Several studies e.g.13,14,15,16, have now shown that this late maturation of optimal multisensory integration is not specific to spatial navigation, but extends to many other spatial and non-spatial tasks (e.g., object size discrimination) and combinations of cues (e.g., vision and touch or sound and touch). Taken together, these results suggest that in the spatial domain, even once multiple individual kinds of spatial representations become available in childhood6, they may not be immediately combined with each other to guide behaviour. What is not clear yet is why the ability to combine different spatial representations and sensory cues optimally develops this late in childhood. One prominent theory proposed to explain this late maturation of optimal cue combination is that during childhood, depending on the task, one of the senses is used as the benchmark for recalibrating the others13,17,18. Hence, in spatial tasks, visual information is used to calibrate other modalities. Further evidence in favour of the proposal that children use visual information to calibrate other sensory cues in spatial tasks comes from findings that, compared with adults, children have substantial difficulties discounting or ignoring irrelevant visual information in multimodal tasks19,20,21. Children’s difficulties in discounting or ignoring visual information even when it is irrelevant are consistent with the possibility that they rely heavily on visual information, e.g. to calibrate other sensory cues.

Although in some experimental situations9,12,22 adult participants show cue combination, in others they do not23,24. For example, experiment 1 of Tcheang, et al.25 showed, using a triangle completion task, that after being presented with visually conflicting information when walking along an outbound path, adult participants used a representation combining visual and self-motion cues when finding their way back to their start point in darkness. However, there was no decrease in the variance of responses when both visual and self-motion cues were available on the outbound path compared to when the outbound path was walked in darkness, even when both types of cue were consistent. This indicates that adult participants did not show the potential benefits of optimal combination of vision with self-motion. Another example of lack of integration in adult participants comes from studies of multisensory spatial movements (e.g., rhythmic movements of the upper arm), showing that visual information is more accurate and thus dominates the proprioceptive24.

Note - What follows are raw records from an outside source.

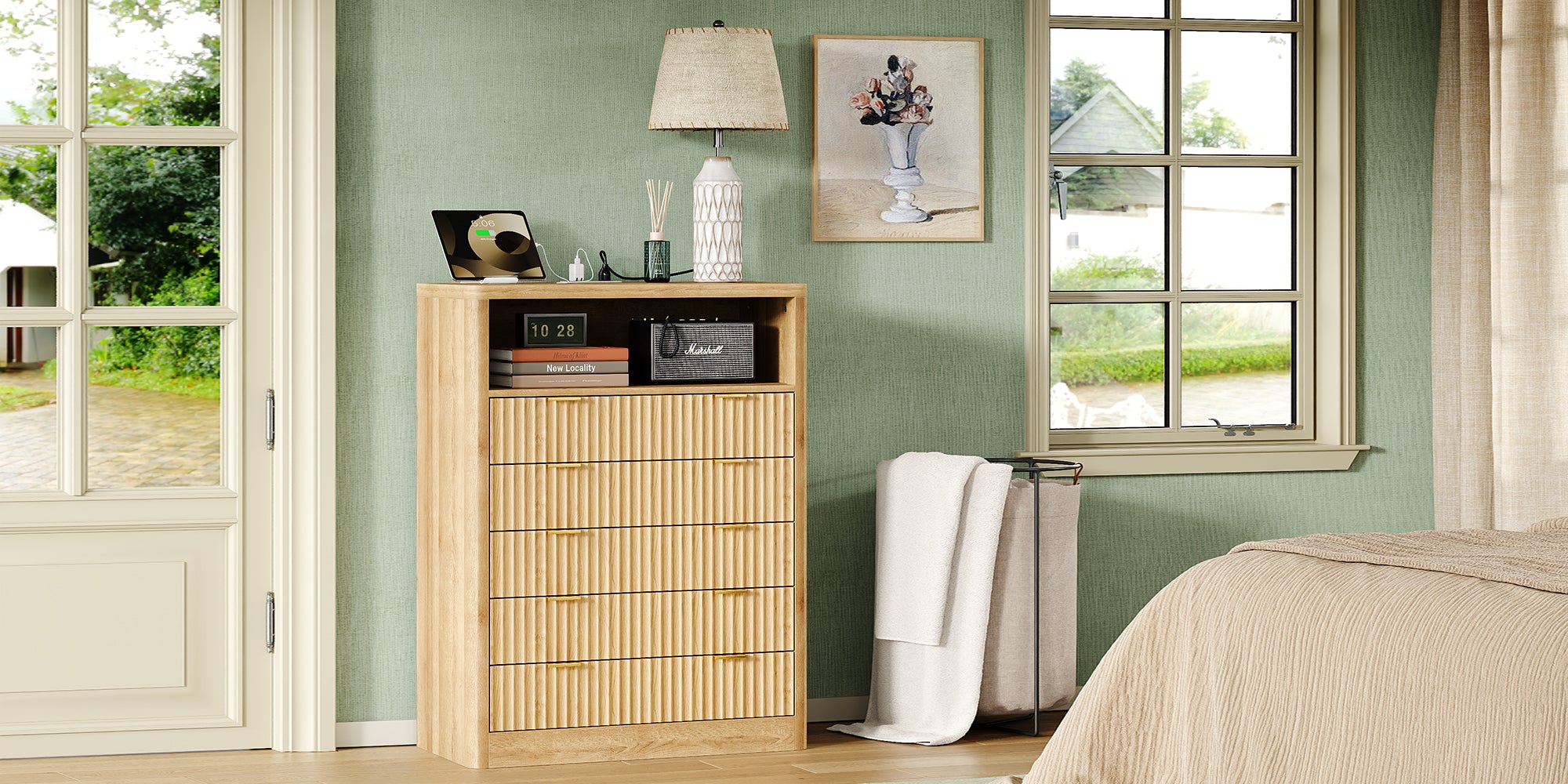 Dieser geriffelte Nachttisch bietet 5 breite Schubladen und eine große Ablagefläche für Bücher, Hautpflegeprodukte und Dinge des täglichen Bedarfs.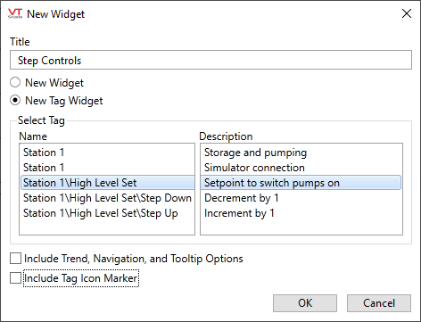 Meaning, "a button that will increase (or decrease) a value by 1". VTScada does not include a step button widget, but you can easily create your own. In addition to the widget, you'll need two Multi-Write Tags that you will create as children of the output tag for which you want to add step buttons. Multi-write tags do not count against your license.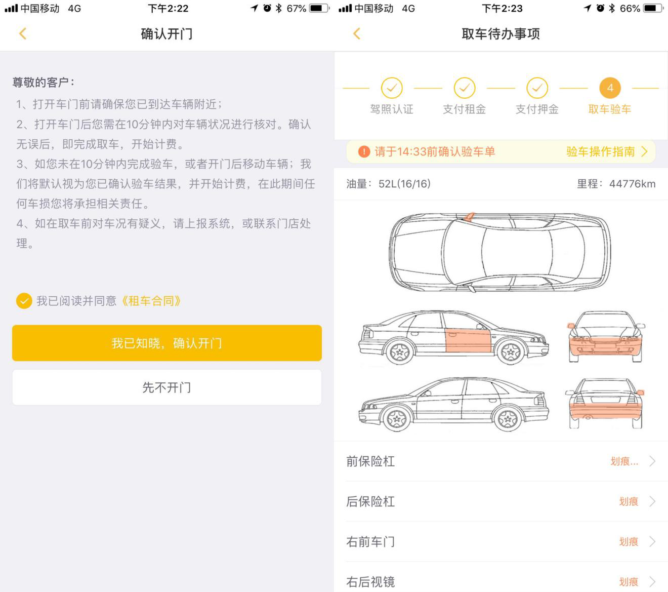 在神州租车APP上进行驾照认证、租金和押金的支付后,就进入了取车验车的环节。
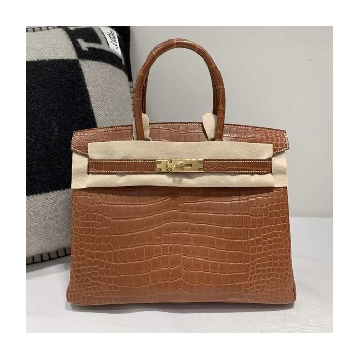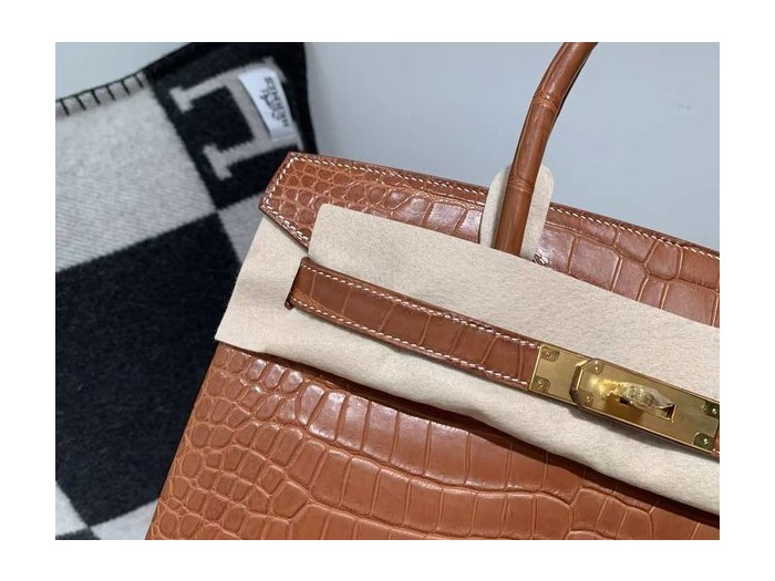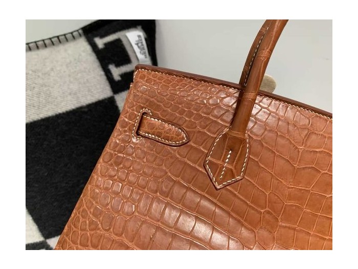Hermès Birkin 30 Fauve Barenia Matte Alligator x Gold Hardware
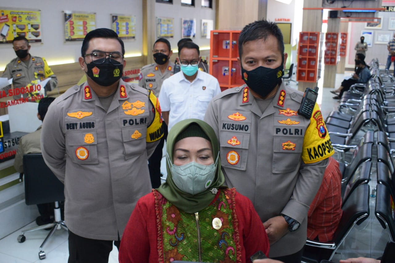 Layanan publik yang ditinjau Deputi Bidang Yanlik Kemenpan RB Diah Natalisa didampingi Kapolresta Sidoarjo Kombes Pol. Kusumo Wahyu Bintoro, layanan vaksinasi Covid-19 dan SKCK Keliling Online di Pos Polisi Taman Pinang Indah, kemudian peninjauan dilanjutkan di Mall Mini Pelayanan Polri (MMPP) Polresta Sidoarjo.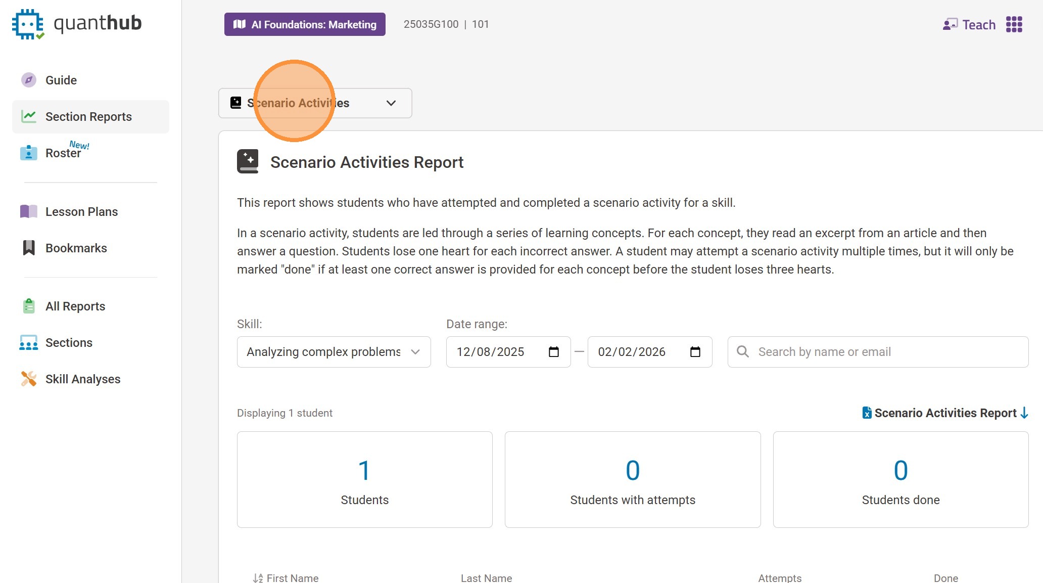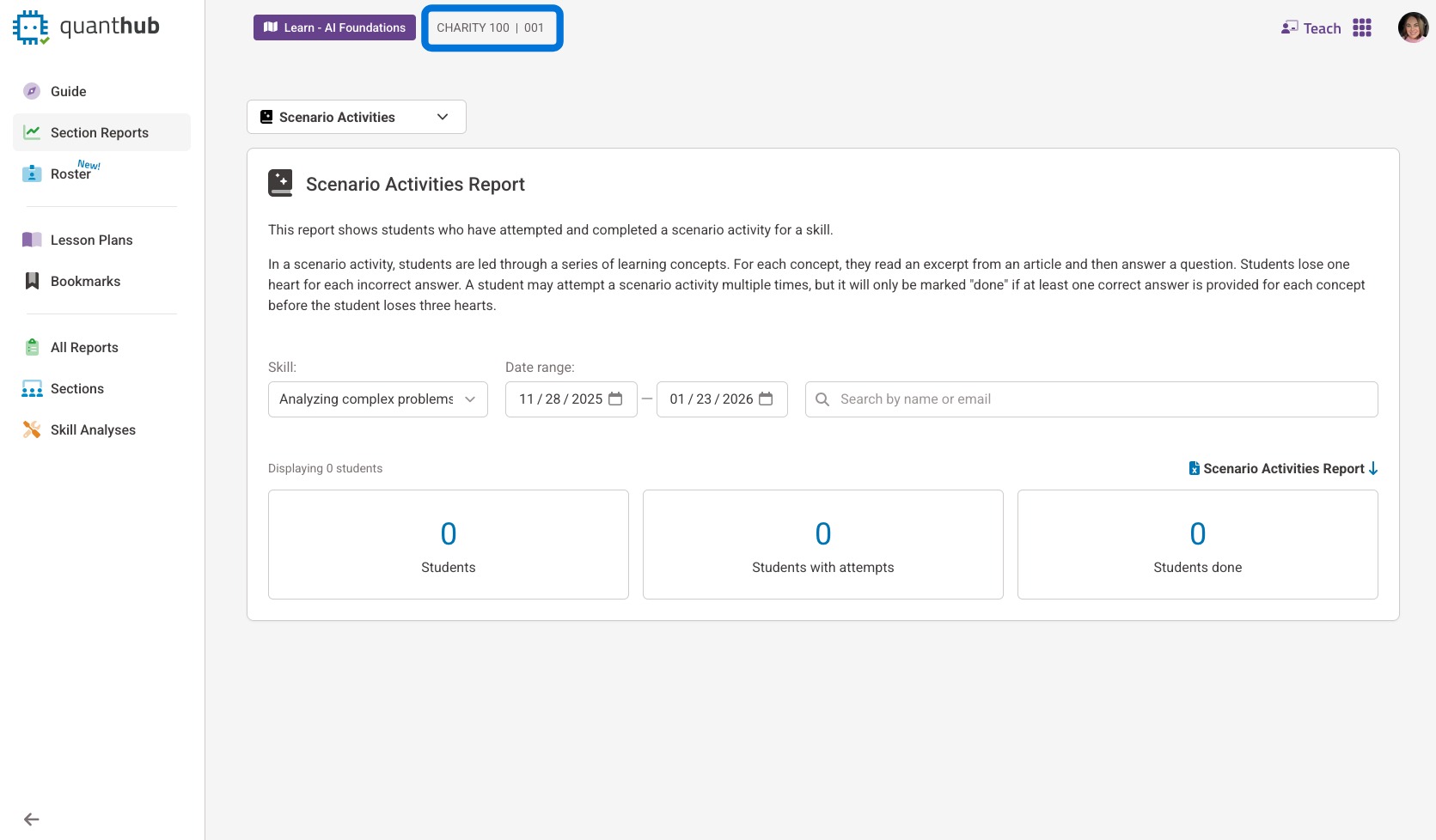 3. The section/class report will be displayed for your currently selected section/class. To change your section/class, select the purple box next to it and choose your desired section/class.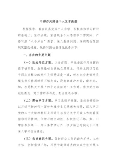 【七哥公文】2024年:干部作风建设个人发言提纲+更多免费公文+VX:QiGeGongWen2024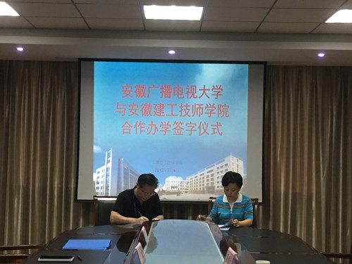2017年7月4日下午,安徽建工技師學院與安徽廣播電視大學簽署繼續(xù)教育合作辦學協(xié)議。安徽廣播電視大學副校長張敏、招生辦主任琚逸云、開放教育學院副院長趙翀,安徽建工技師學院副院長任建設(shè)、繼續(xù)教育處處長蔣先智等共同出席簽署儀式。簽字儀式由任建設(shè)副院長主持。
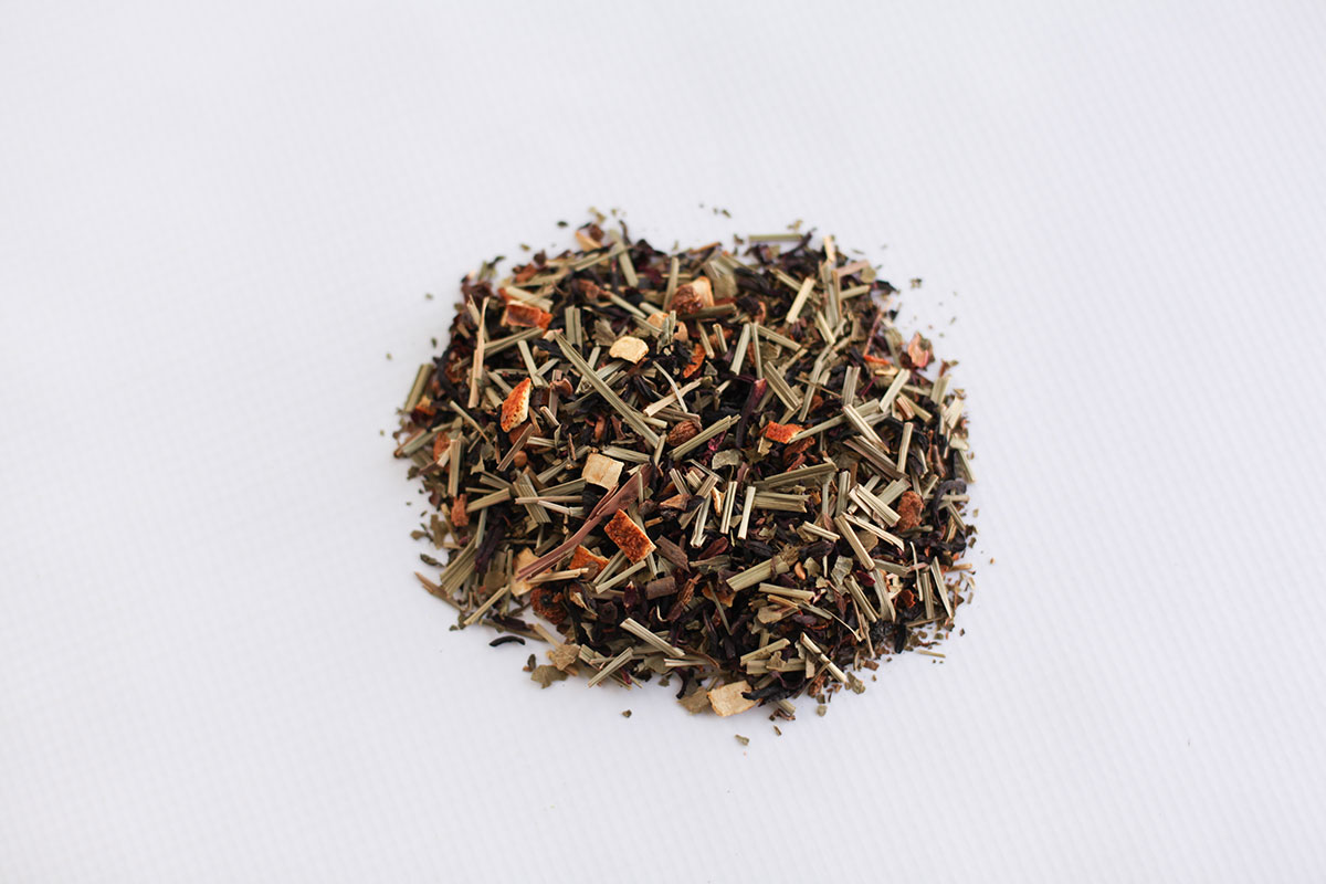 Hibiscus, Orange Peel, Rosehips, Lemongrass, Wild Cherry Bark, Blackberry Leaf, Spearmint, Licorice Root, Extract

Zhao and Warren23 have made a recent proposal that may explain seeming inconsistencies in findings from these studies. Zhao and Warren23 suggest that while the evidence in support of optimal cue integration comes from measurements of response variability or precision9, those for cue dominance or competition (i.e., greater reliance on one cue) come from measurements of response accuracy e.g.25. Zhao and Warren23 show evidence in favour of this in a homing study (object relocation task, similar to that of Nardini, et al.)9. They measured both response variability (how tightly clustered their chosen object relocation positions were) and accuracy (how close the clustered chosen positions were to the correct position) and showed that while adult participants behaved according to optimal cue combination in their homing variability response, they behaved according to cue competition in their homing accuracy response.

These recent results, and the others described above, raise a series of interesting questions. First of all, do adults use different multisensory models (cue integration and cue competition) for variability and accuracy of responses at all times, or are these models used flexibly depending on the situation? For example, would results be different to those of Zhao and Warren23 in a design similar to that of Tcheang, et al.25, where adults appeared not to benefit from redundant visual information? Would children (old enough to show cue integration) show a similar or different use of these multisensory models compared to adults, due to their previously shown stronger reliance on visual information during spatial tasks14?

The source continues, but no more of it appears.